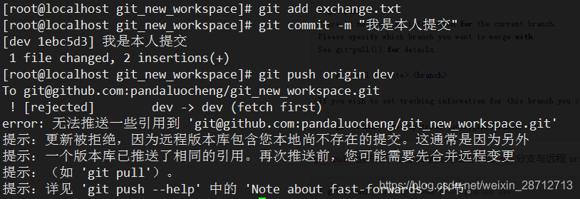 你小伙伴已经向origin dev分支上提交了,你也要对同样的文件修改,并试图推送:
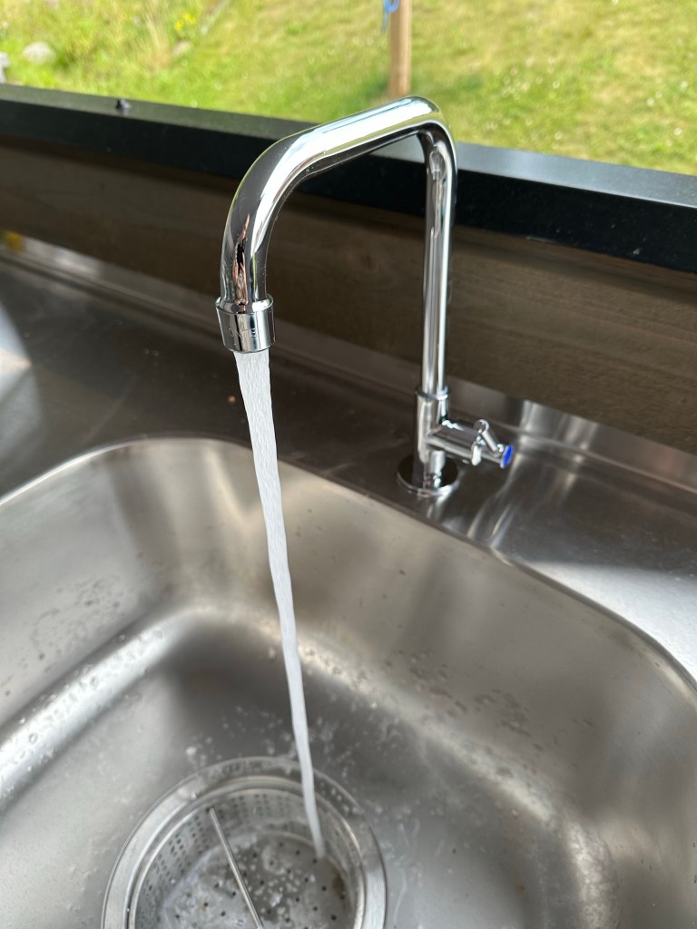 Medan jag stod och fixade i köket hade Melissa en kompis över och Joakim och Wilhelm satte dit kranen på uteköket. Så nu har vi rinnande vatten därute.
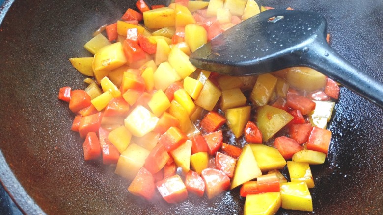 20. 加入炒好土豆,胡萝卜丁翻炒片刻
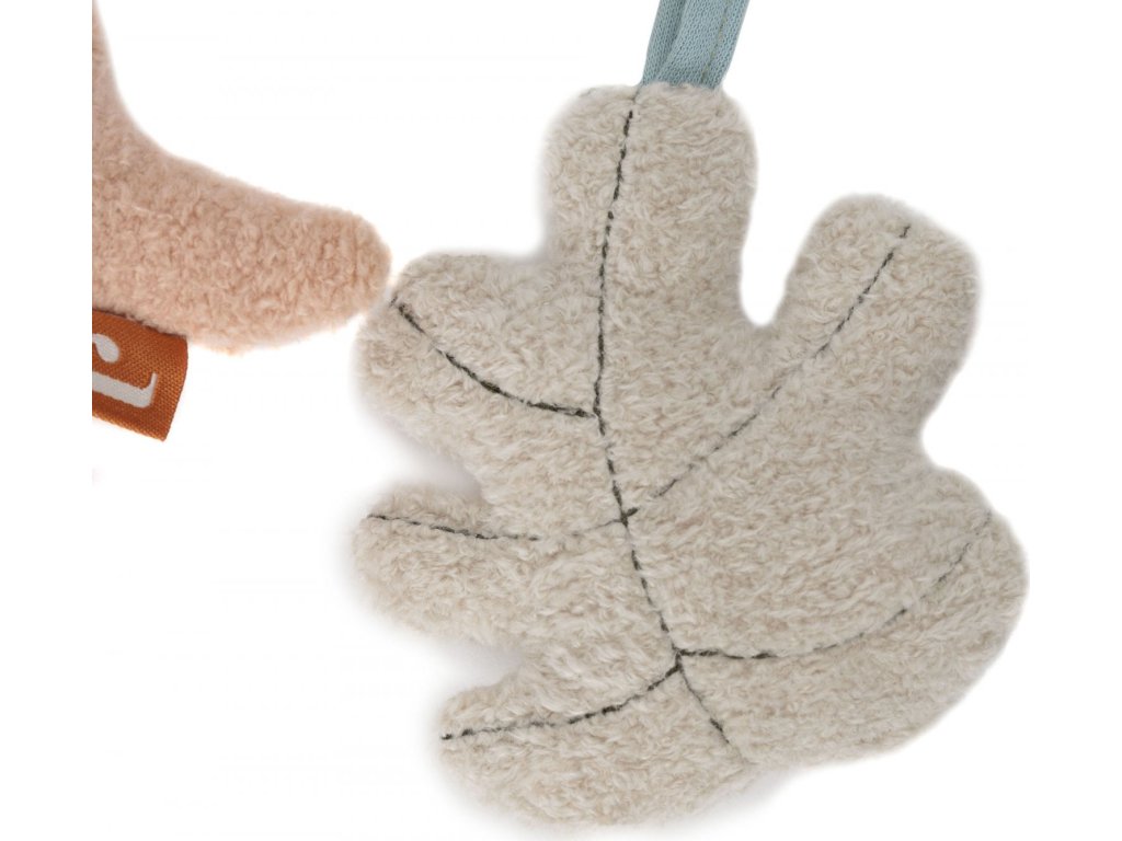 Řetěz na kočárek či autosedačku zabaví vaše dítě na procházkách i cestách autem. Pozornost dítěte upoutají tři zavěšené hračky v podobě dvou dinosaurů a lístku.

▶ **Your objective**: Write out each line of the data above exactly, starting at the top and finishing with the line containing "20. 加入炒好土豆,胡萝卜丁翻炒片刻"; omit the pictures.

▶ **Output for this exercise**:
 你小伙伴已经向origin dev分支上提交了,你也要对同样的文件修改,并试图推送:
 Medan jag stod och fixade i köket hade Melissa en kompis över och Joakim och Wilhelm satte dit kranen på uteköket. Så nu har vi rinnande vatten därute.
 20. 加入炒好土豆,胡萝卜丁翻炒片刻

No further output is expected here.